FIG. 1 is a diagrammatical representation of a magnetic resonance imaging system incorporating a multi-channel receiving coil for creating images of a subject of interest;
FIG. 2 is a diagrammatical representation of the multi-channel receiving coil of FIG. 1 and associated preamplifiers for amplifying signals received by the individual coils;
FIG. 3 is a schematic representation of a reactance matching network for reducing crosstalk between coils of the type included in the arrangement of FIG. 2;
FIG. 4 is a graphical representation of the effect of capacitive and inductive feedback on input impedance in a circuit of the type shown in FIG. 3;
FIG. 5 is a schematic representation of a coil preamplifier circuit for use with coils of the type shown in FIG. 2 for reducing input impedance into a preamplifier to a level substantially equal to zero;
FIG. 6 is a stability diagram illustrating a preferred manner in which the circuit of FIG. 5 is tuned to provide a stable configuration with minimal input impedance to a preamplifier; and
FIG. 7 is a polar impedance graph illustrating the actual input impedance obtained through the present technique using a circuit of the type shown in FIG. 5.

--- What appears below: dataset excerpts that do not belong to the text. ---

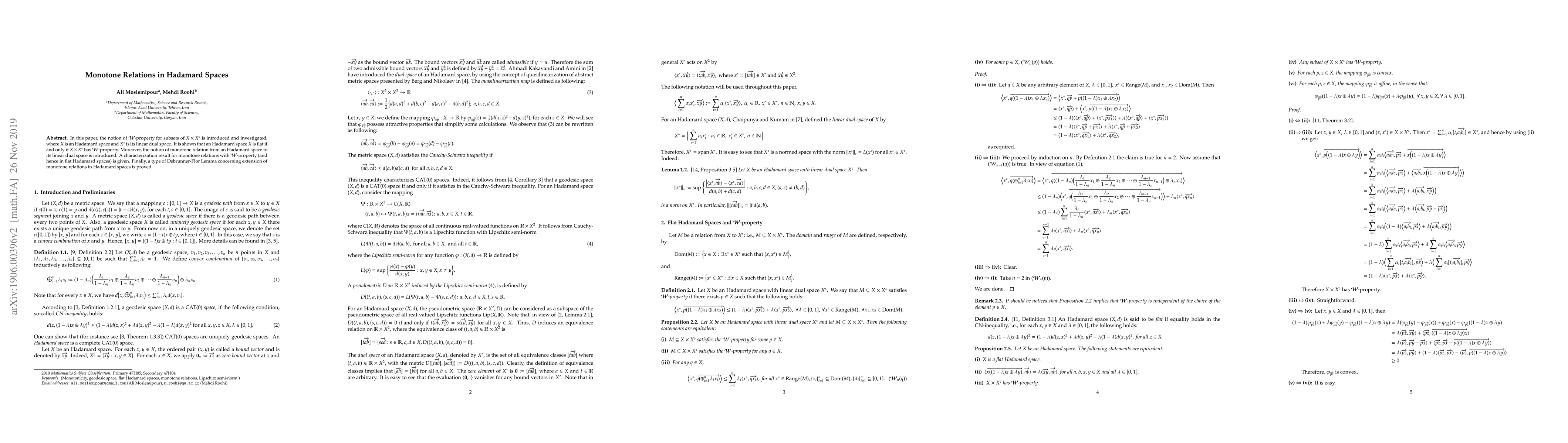 This paper introduces the $\mathcal{W}$-property for subsets of Hadamard spaces and their linear duals, showing that a Hadamard space is flat if and only if this property holds for its product with its dual. It also defines monotone relations between Hadamard spaces and their duals, ultimately proving a characterization for such relations with the $\mathcal{W}$-property in flat spaces.
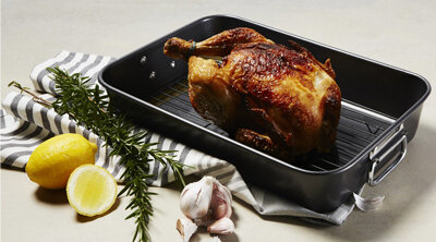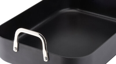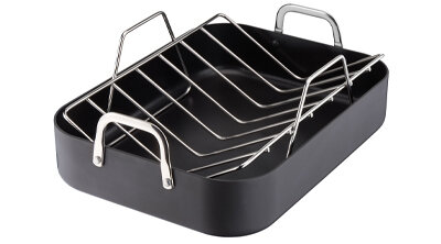 The hard anodised construction ensures this roaster will last a long time. Additionally, this roaster is equipped with sturdy handles to ensure safe handling when putting the roaster in and out of the oven.
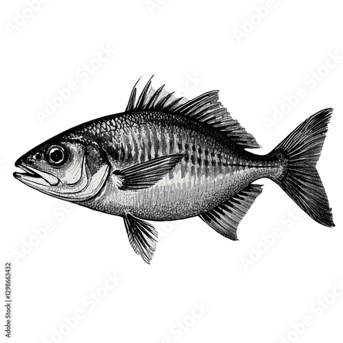 mackerel fish, featuring intricate line work and realistic texture, isolated on white sketch engraving isolated on white or transparent background
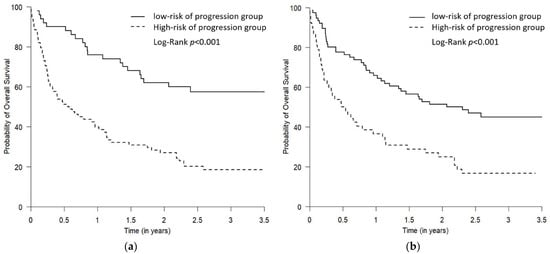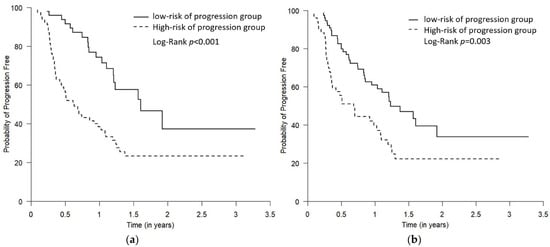 The progression-free survival (PFS) and overall survival (OS) between the predicted high- vs. low-risk progression groups were compared by Kaplan–Meier plots using log-rank tests. PFS was defined as the time from starting pembrolizumab to the earliest CT date that showed disease progression or the latest available CT date for patients with no sign of progression. OS was defined as the time from starting pembrolizumab to death or the date of the last follow-up.
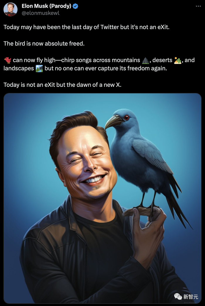 “今天可能是‘推特’的最后一天,但这并不是‘eXit’。鸟儿现在绝对自由了。现在,它可以高鸣着飞越高山、沙漠和各种景观,但再也没有人能捕捉到它的自由。今天不是‘eXit’,而是新X的黎明。”

Referring now to FIG. 1, a magnetic resonance imaging system, designated generally by the reference numeral 10, is illustrated as including a scanner 12, control and acquisition circuitry 14, system controller circuitry 16, and an operator interface station 18. Scanner 12, in turn, includes coil assemblies for selectively generating controlled magnetic fields used to excite gyromagnetic materials in a subject of interest. In particular, scanner 12 includes a primary coil 22, which will typically include a superconducting magnet coupled to a cryogenic refrigeration system (not shown). Coil 22 generates a highly uniform magnetic field along a longitudinal axis of the scanner. A series of gradient coils 24 are also provided for generating controllable gradient fields having desired orientations with respect to the subject of interest. In particular, as will be appreciated by those skilled in the art, gradient coils 24 produce fields in response to pulsed signals for selecting an image slice, orienting the image slice, and encoding excited gyromagnetic material within the slice to produce the desired image.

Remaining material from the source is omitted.